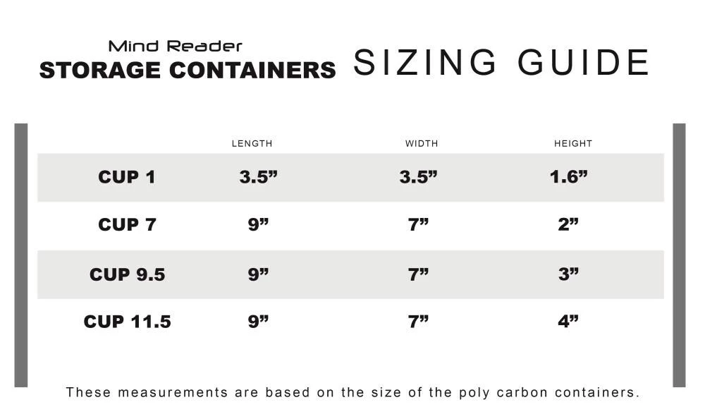 - DIMENSIONS – 8 oz/1 cup: 3.5 in L x 3 in W x 4 in D, 56 oz/7 cups: 9 in L x 7 in W x 2 in D, 76 oz./9.5 cups: 9 in L x 7 in W x 3 in D, 92 oz./11.5 cups: 9 in L x 7 in W x 4 in D
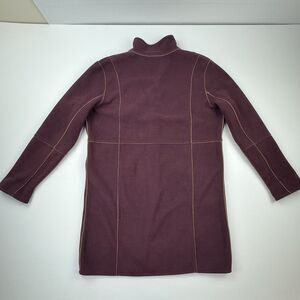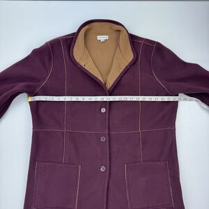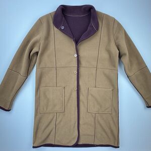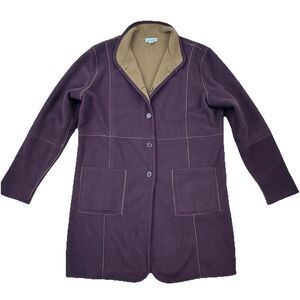 Susan Graver Reversible Fleece Coat Jacket Large Purple Tan Button Front Pockets
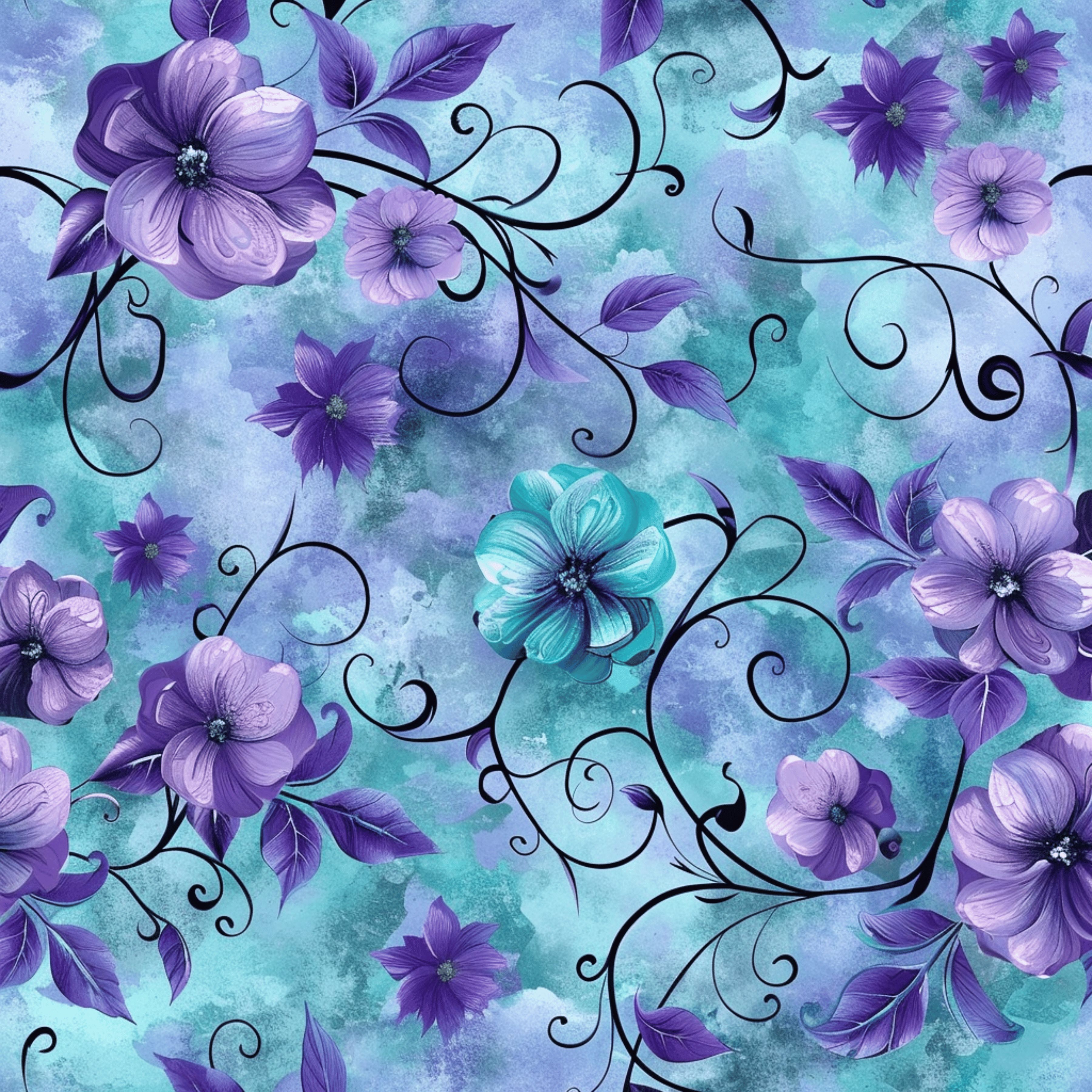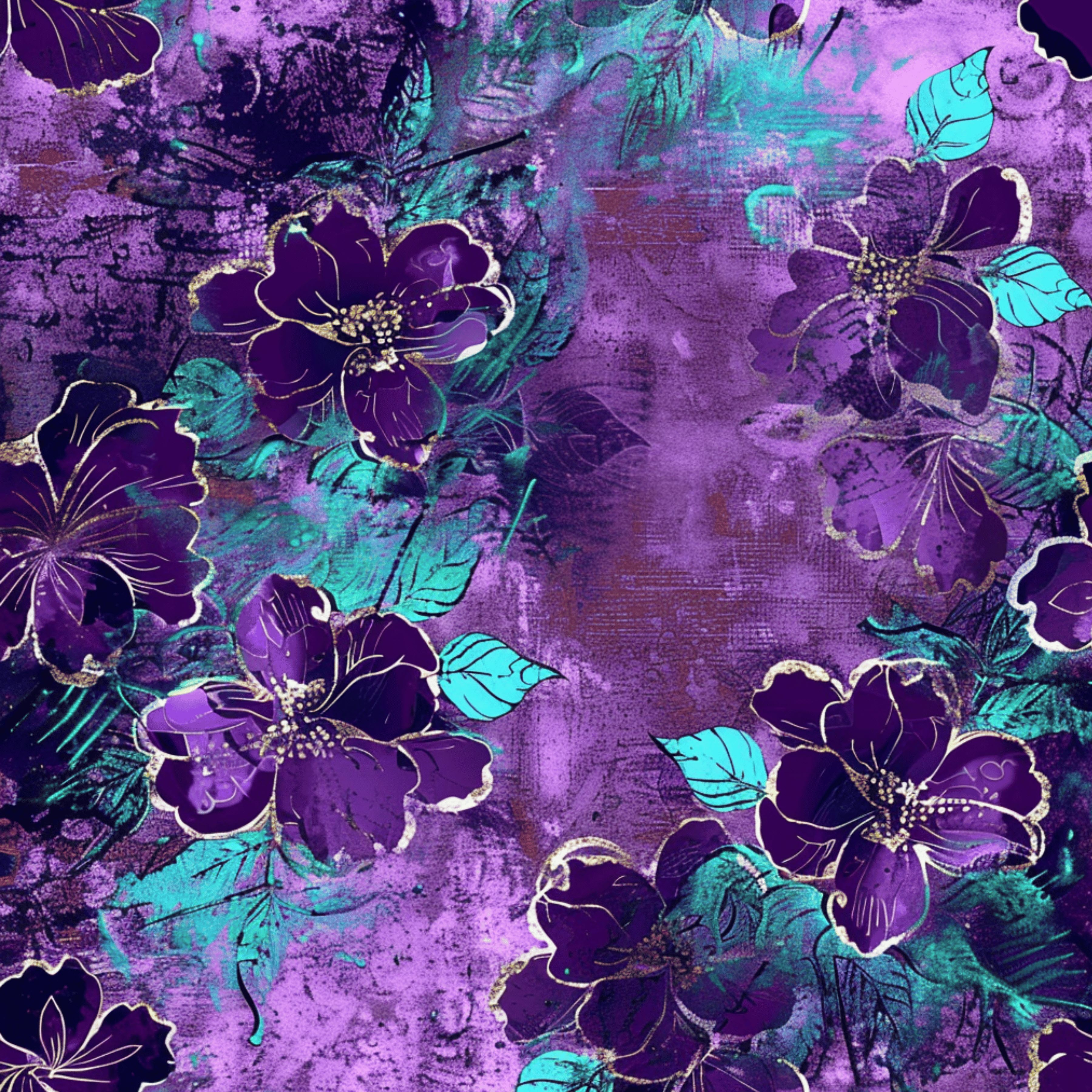 Purple and Turquoise Luxury Floral Texture Digital paper

> _ASSIGNED TASK_: Each line of the data above needs to be retyped as it is, without any picture.

> _OUTPUT OF THE EXERCISE_:
 - DIMENSIONS – 8 oz/1 cup: 3.5 in L x 3 in W x 4 in D, 56 oz/7 cups: 9 in L x 7 in W x 2 in D, 76 oz./9.5 cups: 9 in L x 7 in W x 3 in D, 92 oz./11.5 cups: 9 in L x 7 in W x 4 in D
 Susan Graver Reversible Fleece Coat Jacket Large Purple Tan Button Front Pockets
 Purple and Turquoise Luxury Floral Texture Digital paper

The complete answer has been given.